Start of Dataset extract
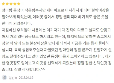 까칠하신 우리엄마 처음에는 여기저기 다 견적이 다르고 날짜도 안맞고해서 거의 일반장농으로 하시려고 했는데, 마지막으로 알아본 숨고에서 정말 딱 맘에 드는 붙장이장을 만나게 되셔서 지금은 기분 몹시 좋아하십니다. 특히 상담해주실때 까칠했던 엄마한테 정말 끝까지 친절하게 설명도 잘해주셨다고 같이 있었던 동생이 몹시 고마와하고 있습니다. 제가 한 열곳정도 알아보고 이곳을 선택하게 되었는데 정말 잘한 선택인것 같습니다. 장말 감사합니다.^^
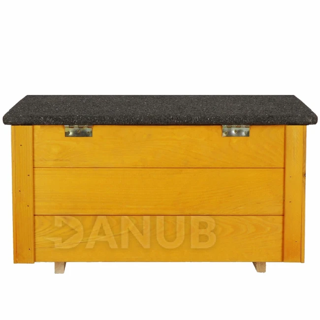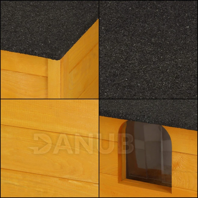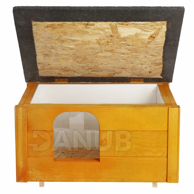 - Domček stojí na 2 drevených nohách, vďaka čomu si dlhšie udrží vhodnú teplotu.
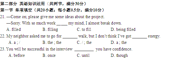 谷歌:【KS5U首发】浙江省余姚中学11-12学年高一上学期期中试题英语
End of Dataset extract
▶ What is expected
The lines from the one that contains "- Domček stojí" through the end of the data, repeated exactly and with no pictures, make up the whole answer.

▶ Solution
 - Domček stojí na 2 drevených nohách, vďaka čomu si dlhšie udrží vhodnú teplotu.
 谷歌:【KS5U首发】浙江省余姚中学11-12学年高一上学期期中试题英语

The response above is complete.